August 31, 2017 / 9:14 PM / in 3 years

CANADA FX DEBT-C$ jumps 1 percent as growth boosts bets on rate hike

    * Canadian dollar at C$1.2487, or 80.08 U.S. cents
    * Loonie hit weakest intraday since Aug. 18 at C$1.2663
    * Bond prices lower across much of the yield curve

    By Solarina Ho
    TORONTO, Aug 31 (Reuters) - The Canadian dollar surged more
than 1 percent against its U.S. counterpart on Thursday after
data showing the strongest economic growth rate in nearly six
years, boosting chances of another interest rate hike from the
Bank of Canada.
    Gross domestic product grew at an annualized 4.5 percent
pace in the second quarter, handily topping forecasts for 3.7
percent, as consumers continued to spend and energy exports
rose, data from Statistics Canada showed. Separate data showed
GDP grew 0.3 percent in June.             
    Chances of a rate hike as early as next week climbed to 37
percent from around 20 percent before the data, while investors
see a nearly 90 percent chance of a hike by October, data from
the overnight index swaps market showed.           
    "The probability for September shifted quite a bit," said
Shaun Osborne, chief currency strategist at Scotiabank, but he
cautioned that such a move could risk raising market
expectations about more rate hikes to come.
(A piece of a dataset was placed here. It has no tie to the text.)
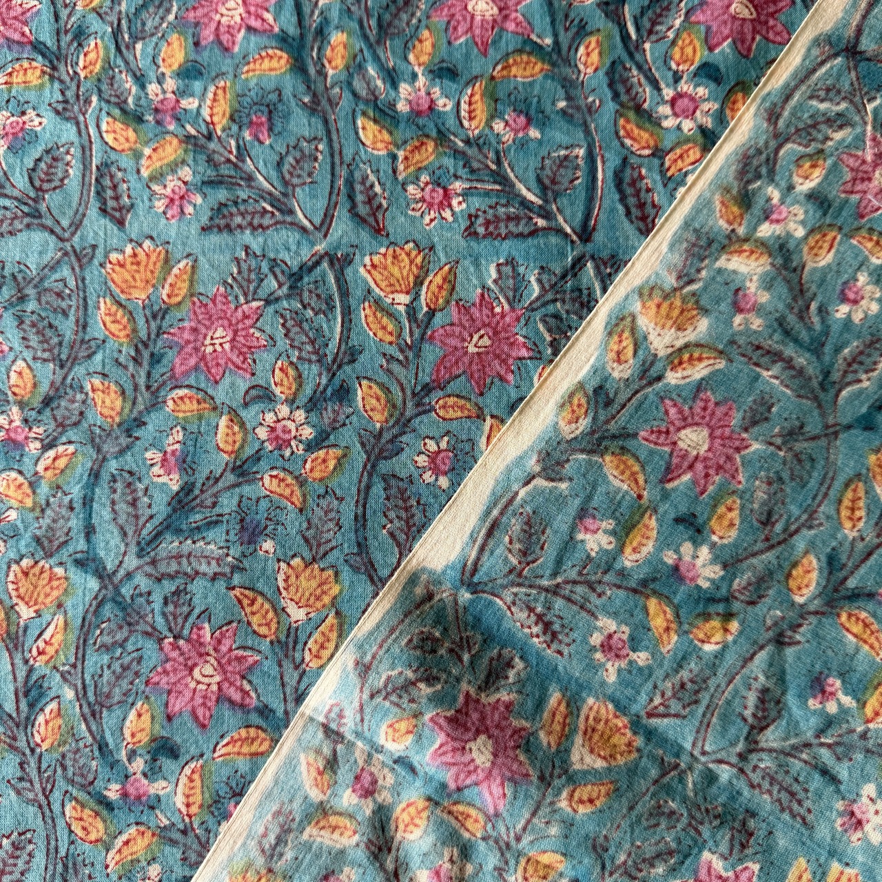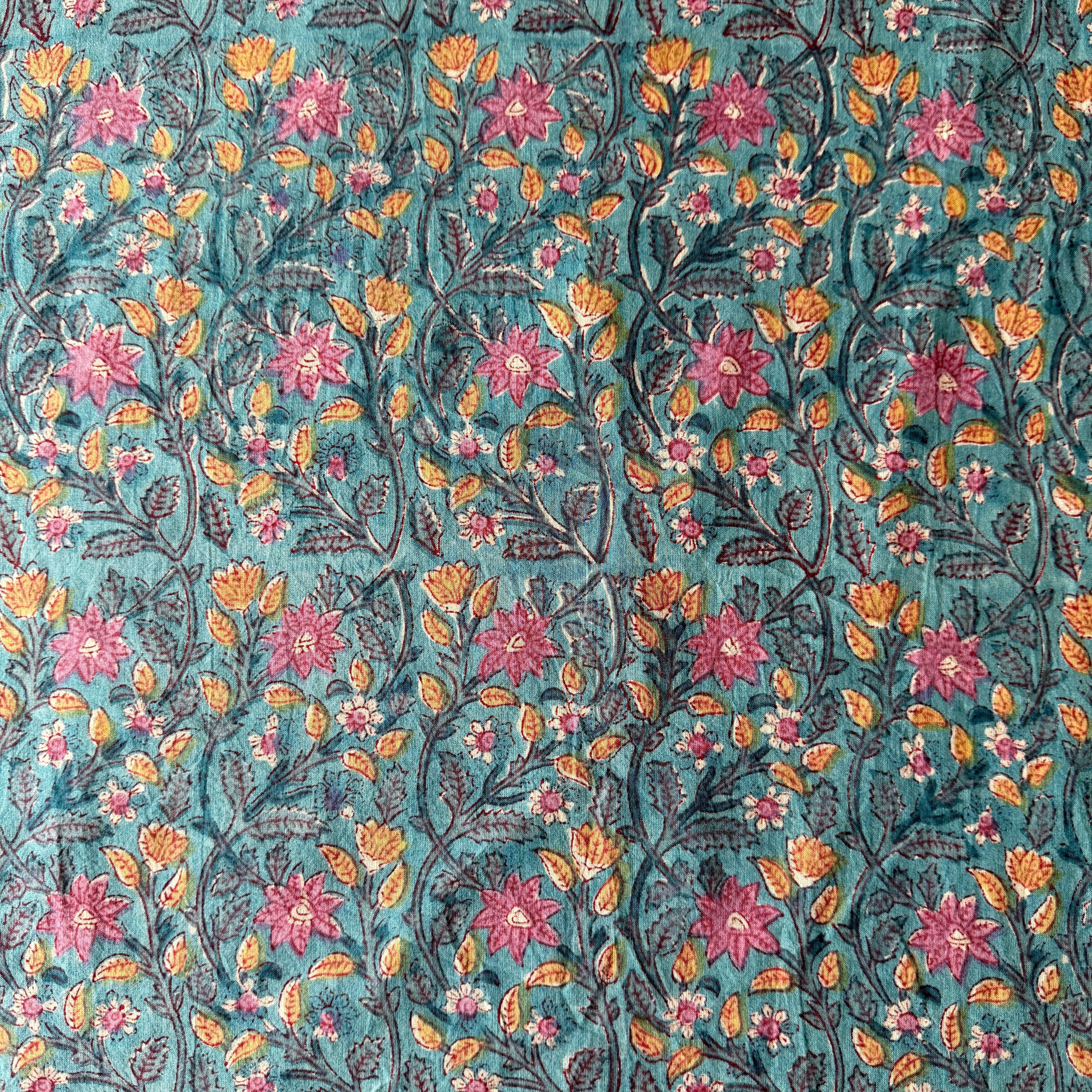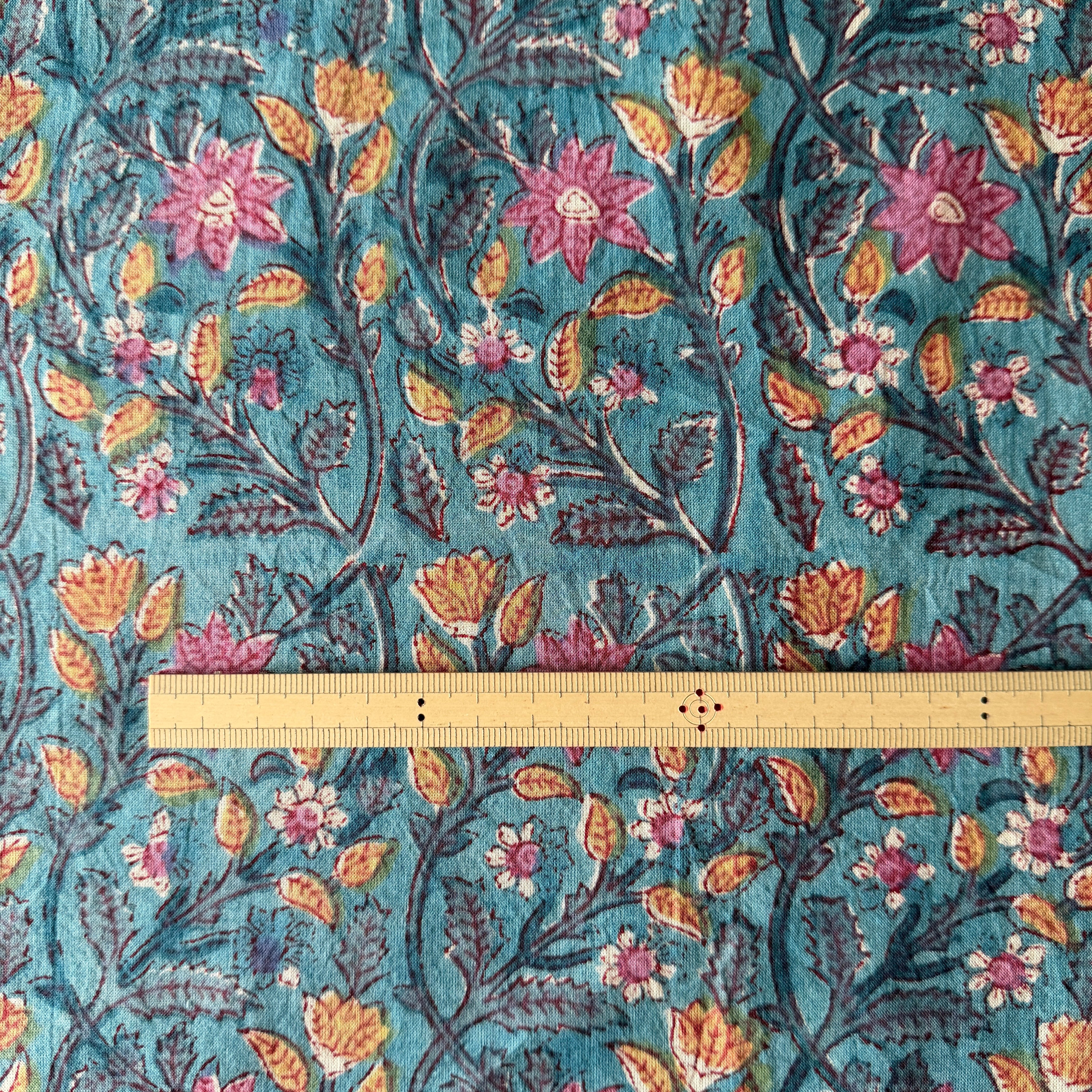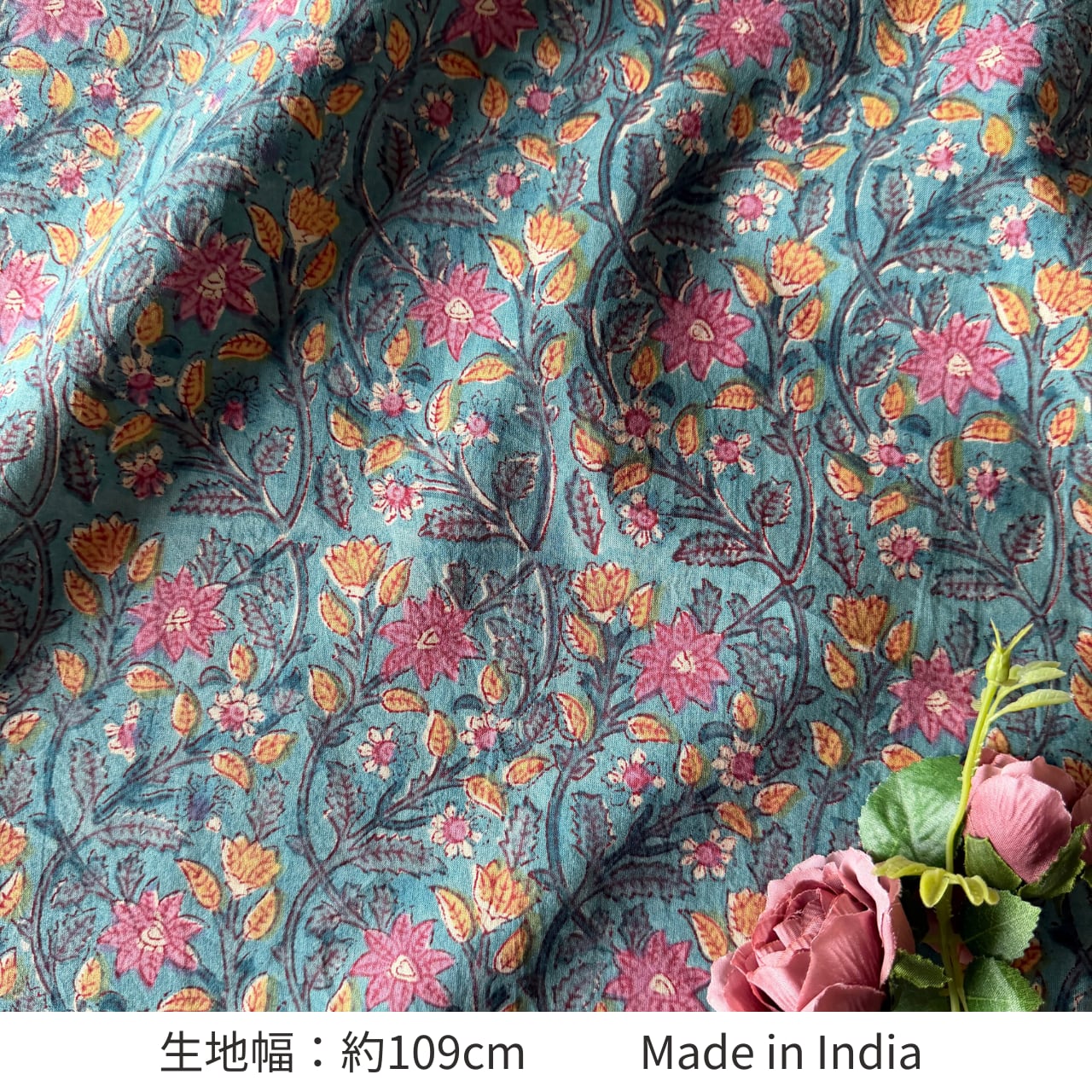 深みのあるブルーグリーンをベースに、ピンクやイエローの花や葉がやさしく散りばめられた、インドのハンドブロックプリント生地です。

    "I don't think the Bank is going to put itself in a position
where the market thinks it's starting to get ahead of where the
Fed is," Osborne said.
    The central bank's policy rate sits at 0.75 percent, after
it was raised in July for the first time in nearly seven years.
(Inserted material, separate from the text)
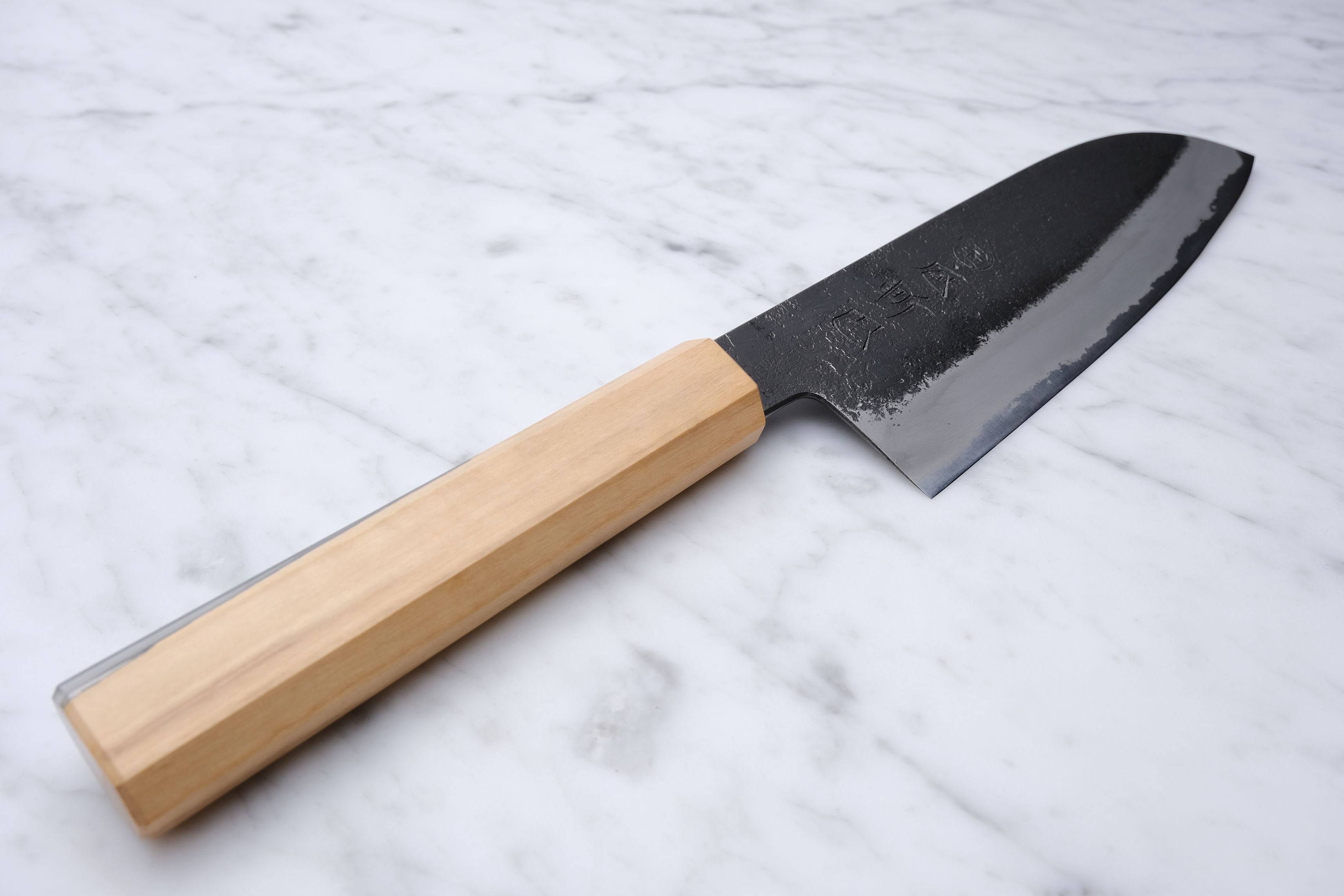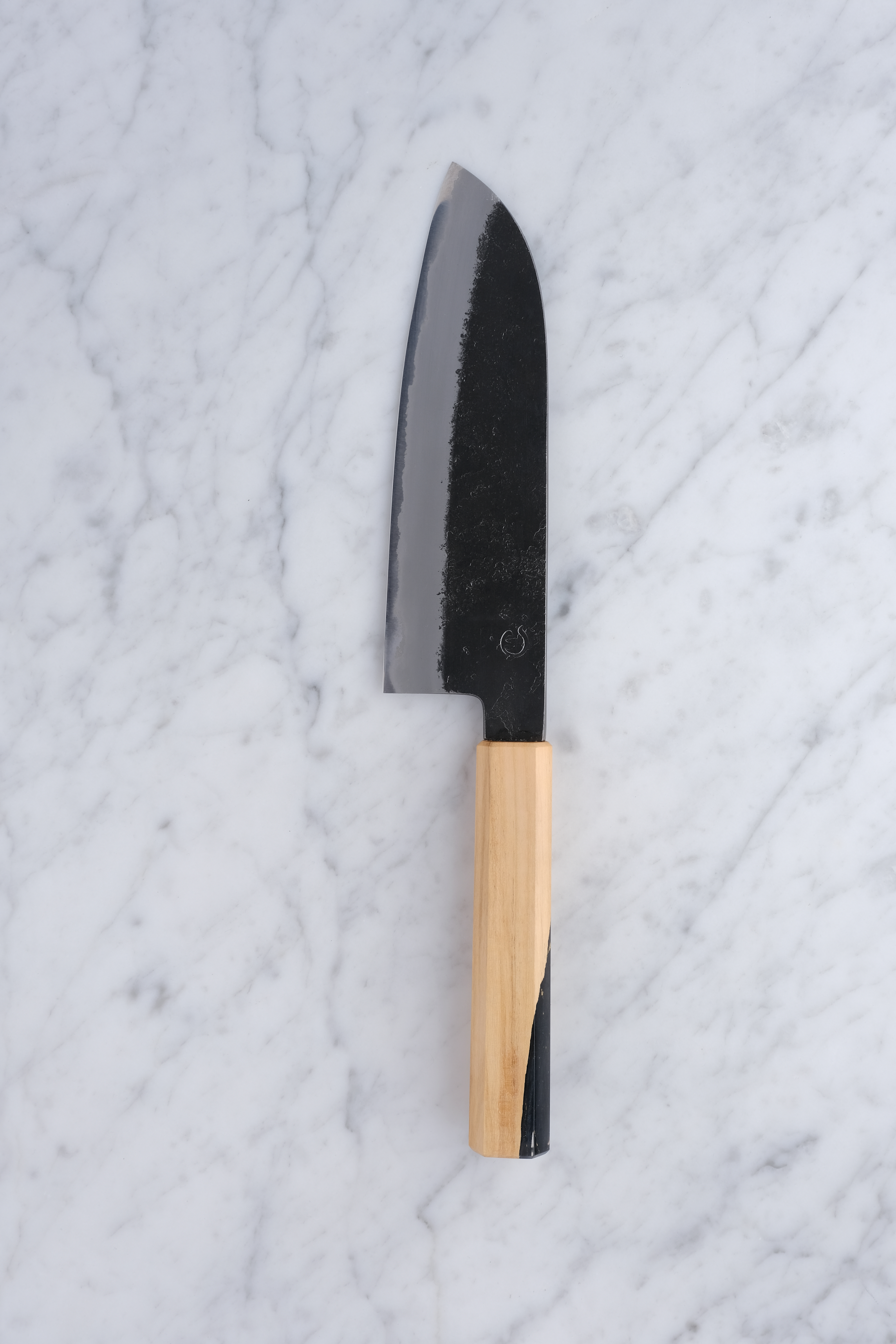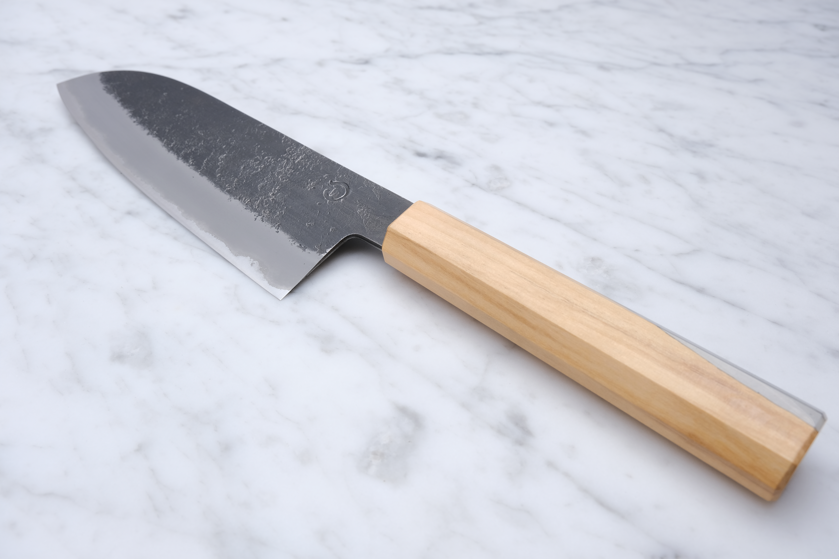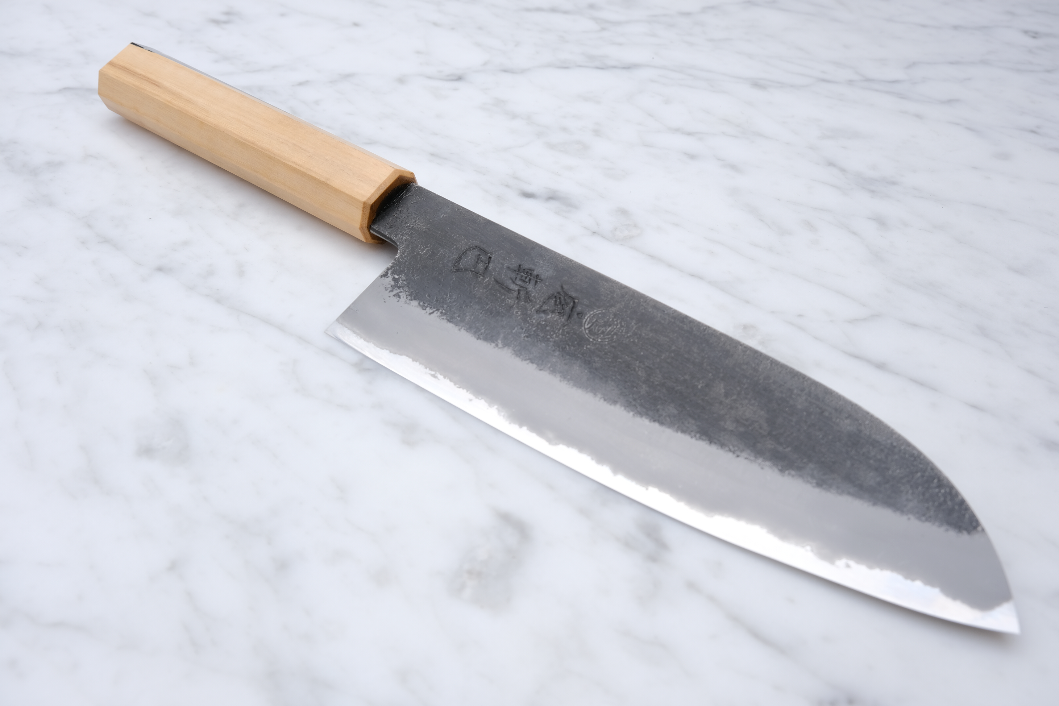 The knives are made of shirogami (white steel) 2 in the core, surrounded by soft iron. The knives are finished with a rustic kurouchi finish, as well as a kasumi finish from the shinogi. Fit & Finish is also well executed, with rounded spine and choil.

    At 4:00 p.m. ET (2000 GMT), the Canadian dollar          was
trading at C$1.2487 to the greenback, or 80.08 U.S. cents, up
1.1 percent.
    The currency's strongest level of the session was C$1.2481,
while it had touched its weakest since Aug. 18 before the data
at C$1.2663.
    Adding to support for the loonie, U.S. crude oil prices
rebounded after being pressured this week by Tropical Storm
Harvey, which knocked out about a quarter of U.S. refinery
    U.S. crude        prices settled up $1.27, or 2.76 percent,
at $47.23 a barrel.
    The U.S. dollar        softened against a basket of
currencies following lackluster U.S. economic data that failed
to boost expectations for another Federal Reserve rate increase
this year. Caution ahead of Friday's U.S. jobs report and
month-end investment flows also weighed.             
    Canadian government bond prices were mostly lower across the
yield curve, with the two-year            price down 7 Canadian
cents to yield 1.275 percent and the 10-year             falling
13 Canadian cents to yield 1.851 percent.
    The gap between the Canadian 2-year yield and its U.S.
equivalent narrowed by 4.3 basis points to a spread of -5.5
basis points, its narrowest since July 31.